Restart opensm : # service opensm restart

Check Partitions keys : # smpquery pkeys 4

To get the node ID where the OpenSM is running : # sminfo

Add child Interface for IB: # echo 1 > /sys/class/net/ib0/create_child

Check the interface is created : # ifconfig ib0.8001

Configure the inteface from : #nano /etc/network/interfaces

Start the IB interface : #ifup ib0.8001

The reason it was not working for me before, i was using different Hex ID. For example, i was trying to create vlan10 with key 0x000a. I even tried 0xa but did not work. Only way all worked when i used 0x8001 format. When i tried to create a sub interface with key 000a it created it as ib0.800a. Not sure why and i have not found any info on that. But even 8000 series gives quite a few vlan/partition id. So all good!
 
It appears that i have celebrated prematurely. Although the IB partitions between node work just fine, i dont seem to be able to create a virtual bridge with this additional IB partitioned ports. I also tried Open vswitch and that also did not work. So far i found out from Googling is not good. There may not be any way to create virtual bridge with IB.

Anybody got idea if creating bridge with IB ports are out of question or not?
What would be the best way to connect the IB to a VM?
 
Anybody got idea if creating bridge with IB ports are out of question or not?
What would be the best way to connect the IB to a VM?

I've looked into this a couple years ago and my conclusion was its not possible.
The only way to get IB into a guest that I can think of is to pass the IB card directly to the guest but thats not much of a solution.

Maybe something like this could solve the problem: http://vde.sourceforge.net/
KVM -> VDE over IPoIB? I've searched and found nothing on using VDE over Infiniband

Or maybe using EoIB (Ethernet over IB) instead of IPoIB would open up new doors? http://www.mellanox.com/related-docs/prod_gateway_systems/EoIB_README-1.5.1-1.3.6.txt
 
If I understand correctly, we can't use Infiniband for the VMs (guest)?

I have successfully created Ceph and it's communicating fine over the Infiniband NIC (ib0).

I have another Infiniband switch which I would like to use for the VMs to push backup out to dedicated back up servers. But as symmcom have pointed out, there isn't a way to create a bridge with the ib0.

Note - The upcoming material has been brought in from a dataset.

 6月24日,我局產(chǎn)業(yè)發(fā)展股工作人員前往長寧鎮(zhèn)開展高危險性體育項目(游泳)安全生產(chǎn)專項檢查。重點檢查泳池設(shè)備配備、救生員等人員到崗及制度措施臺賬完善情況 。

So this mean even if I install a separate Infiniband NIC (ib1), I will not be able to use it with the VMs on separate switch?
 
That is correct. Infiniband simply cant be served directly to a VM. Backup was primary reason why i wanted to create vlan like partition to push out backup. Buy did not work. To address this what we did is setup couple of proxmox nodes in the same cluster with zfs and gluster on top and attach the gluster cluster to proxmox storage. This backups are done on separate IB device on separate storage. Worked out fine.

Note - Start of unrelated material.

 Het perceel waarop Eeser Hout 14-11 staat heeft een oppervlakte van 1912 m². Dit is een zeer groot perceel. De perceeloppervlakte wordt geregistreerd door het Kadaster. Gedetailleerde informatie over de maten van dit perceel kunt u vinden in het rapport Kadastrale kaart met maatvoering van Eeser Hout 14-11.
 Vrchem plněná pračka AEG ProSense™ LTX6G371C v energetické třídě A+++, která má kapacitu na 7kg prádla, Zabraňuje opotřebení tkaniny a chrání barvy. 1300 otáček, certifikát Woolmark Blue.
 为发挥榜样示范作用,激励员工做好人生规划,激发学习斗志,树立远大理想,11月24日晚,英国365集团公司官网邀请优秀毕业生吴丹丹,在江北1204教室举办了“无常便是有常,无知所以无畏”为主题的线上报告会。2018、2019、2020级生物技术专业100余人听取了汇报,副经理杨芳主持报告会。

Sent from my SM-N910W8 using Tapatalk
 
To address this what we did is setup couple of proxmox nodes in the same cluster with zfs and gluster on top and attach the gluster cluster to proxmox storage.

Thank you very much! That helps a lot.

Could you please details on how to setup promox nodes in the same cluster with zfs and gluster on top and then attach the cluster to proxmox storage?
 
Could you please details on how to setup promox nodes in the same cluster with zfs and gluster on top and then attach the cluster to proxmox storage?
There is no tricks in this really. Simply followed Proxmox wiki to setup a Proxmox node with ZFS and Gluster. Below are simplified steps:
1. Setup 2 nodes with equal number of HDDs. I used one SSD for the OS and four 4TB SATA in each node.
2. Install Proxmox on both nodes.
3. Create ZFS pool on each node using following command:
#zpool create -f -o ashift=12 <pool_name> /dev/sdb /dev/sdc /dev/sdd /dev/sde
4. Mount the ZFS pool using the following command:
#zfs set mountpoint=/mnt/zfspool <pool_name>
#zfs mount -a
5. Install gluster using the following documentation:
http://www.gluster.org/community/documentation/index.php/Getting_started_install
6. Run the following commands on each node to attach them to gluster cluster:
On node 1: #gluster peer probe <node2_IP>
On node 2: #gluster peer probe <node1_IP>
7. Run the following command on node 1 to create Gluster volume:
#gluster volume create <name> replica 2 transport tcp <node1_IP>:/mnt/zfspool/<name> <node2_IP>:/mnt/zfspool/<name>
8. Start gluster volume: #gluster volume start <name>
9. Set gluster volume authorization to specific subnet:
#gluster volume set <name> auth.allow 127.0.0.1,<pmx.cluster.subnet.*>
10. Attach the gluster storage to Proxmox using the GUI and gluster storage plugin.
 
Thank you very much.

1) I am assuming these two nodes are on separate Infiniband switch. Correct?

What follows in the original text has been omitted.